Your objective:
Reproduce the listing below from the line with "信誠集團(tuán)系外商獨" to the line with "costose o pericolose.", both lines included, character for character, minus any pictures.

Dataset:
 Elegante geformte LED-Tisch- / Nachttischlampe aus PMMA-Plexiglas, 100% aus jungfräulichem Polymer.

---

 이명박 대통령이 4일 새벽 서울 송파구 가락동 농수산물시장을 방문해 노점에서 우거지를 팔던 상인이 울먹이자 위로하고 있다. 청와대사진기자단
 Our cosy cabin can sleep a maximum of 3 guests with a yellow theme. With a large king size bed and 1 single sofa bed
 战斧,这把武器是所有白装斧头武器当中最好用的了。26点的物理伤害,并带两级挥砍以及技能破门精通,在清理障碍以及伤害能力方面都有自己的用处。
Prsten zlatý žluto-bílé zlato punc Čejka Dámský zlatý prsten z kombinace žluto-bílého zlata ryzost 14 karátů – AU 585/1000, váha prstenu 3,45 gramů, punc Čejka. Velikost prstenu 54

--

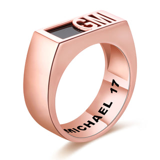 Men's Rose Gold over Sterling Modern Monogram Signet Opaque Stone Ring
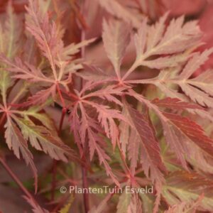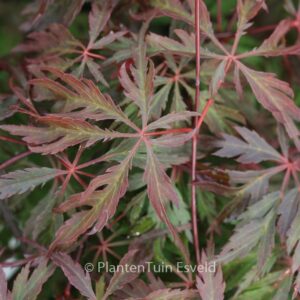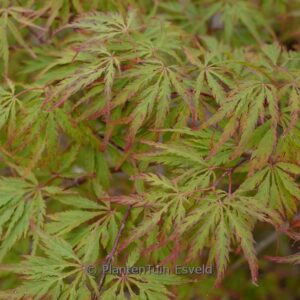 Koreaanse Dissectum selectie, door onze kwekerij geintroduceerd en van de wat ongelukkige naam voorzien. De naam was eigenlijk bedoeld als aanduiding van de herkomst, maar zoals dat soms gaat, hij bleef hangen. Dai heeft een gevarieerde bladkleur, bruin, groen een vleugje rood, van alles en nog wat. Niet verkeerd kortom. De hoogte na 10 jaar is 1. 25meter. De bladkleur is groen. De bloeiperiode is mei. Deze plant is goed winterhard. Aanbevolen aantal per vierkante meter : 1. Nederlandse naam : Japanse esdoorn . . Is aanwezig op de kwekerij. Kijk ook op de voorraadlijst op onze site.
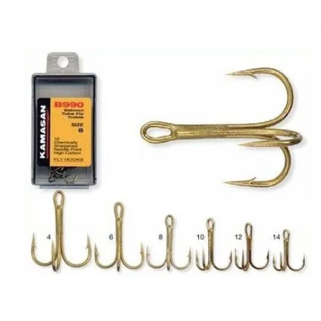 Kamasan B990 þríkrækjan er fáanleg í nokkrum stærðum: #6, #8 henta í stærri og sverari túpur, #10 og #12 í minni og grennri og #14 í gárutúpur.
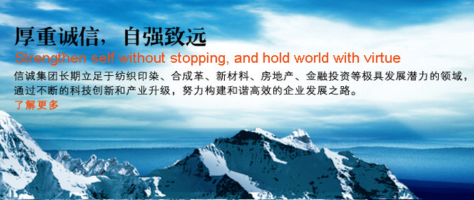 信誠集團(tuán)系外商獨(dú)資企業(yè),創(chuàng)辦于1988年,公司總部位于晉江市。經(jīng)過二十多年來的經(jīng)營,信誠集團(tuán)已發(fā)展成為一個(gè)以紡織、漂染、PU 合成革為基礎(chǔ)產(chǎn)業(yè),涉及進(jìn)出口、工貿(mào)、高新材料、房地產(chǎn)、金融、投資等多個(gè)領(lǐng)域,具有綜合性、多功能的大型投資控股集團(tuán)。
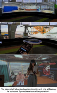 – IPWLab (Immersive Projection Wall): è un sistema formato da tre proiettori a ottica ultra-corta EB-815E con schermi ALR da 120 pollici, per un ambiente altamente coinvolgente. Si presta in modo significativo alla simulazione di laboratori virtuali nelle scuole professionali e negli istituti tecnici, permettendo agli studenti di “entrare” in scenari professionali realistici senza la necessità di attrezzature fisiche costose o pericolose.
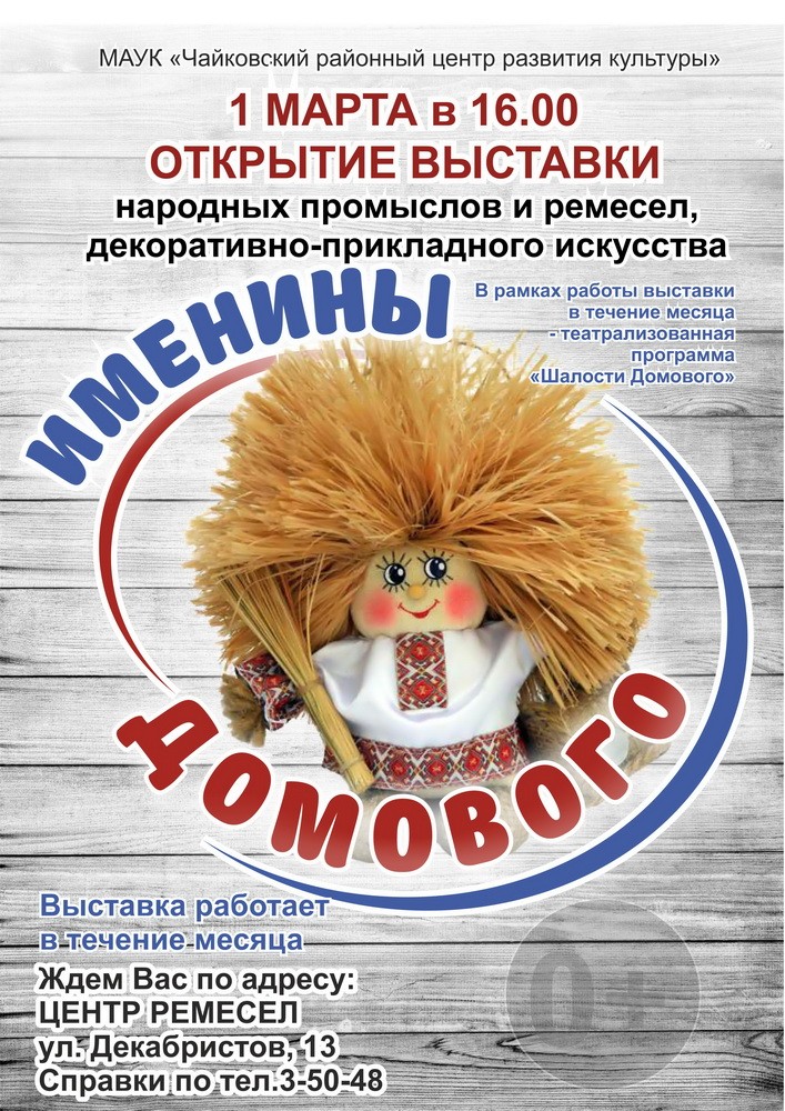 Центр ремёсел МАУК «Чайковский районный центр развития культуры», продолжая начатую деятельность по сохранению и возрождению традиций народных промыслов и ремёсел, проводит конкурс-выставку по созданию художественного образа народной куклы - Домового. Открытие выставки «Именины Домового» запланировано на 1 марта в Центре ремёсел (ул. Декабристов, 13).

Result of the task:
 信誠集團(tuán)系外商獨(dú)資企業(yè),創(chuàng)辦于1988年,公司總部位于晉江市。經(jīng)過二十多年來的經(jīng)營,信誠集團(tuán)已發(fā)展成為一個(gè)以紡織、漂染、PU 合成革為基礎(chǔ)產(chǎn)業(yè),涉及進(jìn)出口、工貿(mào)、高新材料、房地產(chǎn)、金融、投資等多個(gè)領(lǐng)域,具有綜合性、多功能的大型投資控股集團(tuán)。
 – IPWLab (Immersive Projection Wall): è un sistema formato da tre proiettori a ottica ultra-corta EB-815E con schermi ALR da 120 pollici, per un ambiente altamente coinvolgente. Si presta in modo significativo alla simulazione di laboratori virtuali nelle scuole professionali e negli istituti tecnici, permettendo agli studenti di “entrare” in scenari professionali realistici senza la necessità di attrezzature fisiche costose o pericolose.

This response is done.